FY2026 Forecasts3 Aug 2025 10:09
I feel Shaun and the team have been cautious in their approach to the forecast. I cannot see confirmation, but the list below of 'investment' in Telfer seems very substantial. I assume these costs are why the AISC has risen, specifically the hard work on Telfer. Perhaps Bamps can confirm? Any sensible investment decision would only be made with an assessment of potential returns. Finding good grades and accessing them is key. As has been said, good grades have been found in the domes and ESC etc. New equipment, fuel costs/risks, staffing all face potentially increased costs. On the revenue side the gold is hedged, but also the potential after any brief correction is massive at US$4000+ per oz. The team at the top hasn't changed this last week and as far as I'm concerned they sit with Hav/Telfer as our great assets.

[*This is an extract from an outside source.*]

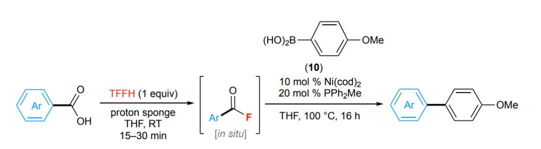 在眾多的鎳催化劑中,Ni(COD)2是一種弱配位的鎳催化劑,大部分反應需要加入配位能力強的配體才能起作用,這也擴大了其的應用范圍,通過和各種配體配位可以用于催化各種反應。如Suzuki-Miyaura偶聯反應,Buchwald-Hartwig反應,Heck反應,Kumada偶聯反應,Negishi偶聯反應,還原偶聯反應,C-X活化偶聯反應(X=H, O, S, N等),脫羧(脫羰)偶聯反應,環加成反應,氧化反應等等。下面對Ni(COD)2的一些最新應用,做一簡單介紹。

‒ The largest drilling program in Telfer's operating history, with ~ 240,000 metres total drilling planned (+145% vs. FY21-25 average) across eight drill rigs;
‒ Open pit life-extension pre-stripping, new mining fleet, and haul truck refurbishment;
‒ Underground life-extension development; and
‒ Tailings capacity expansion.
§ Greatland is undertaking significant infill drilling with tighter spacing than historically applied at Telfer, to inform and increase confidence in future mine planning and resource and reserve updates.
§ Havieron growth capital (pre FID) includes study completion, early works and development restart.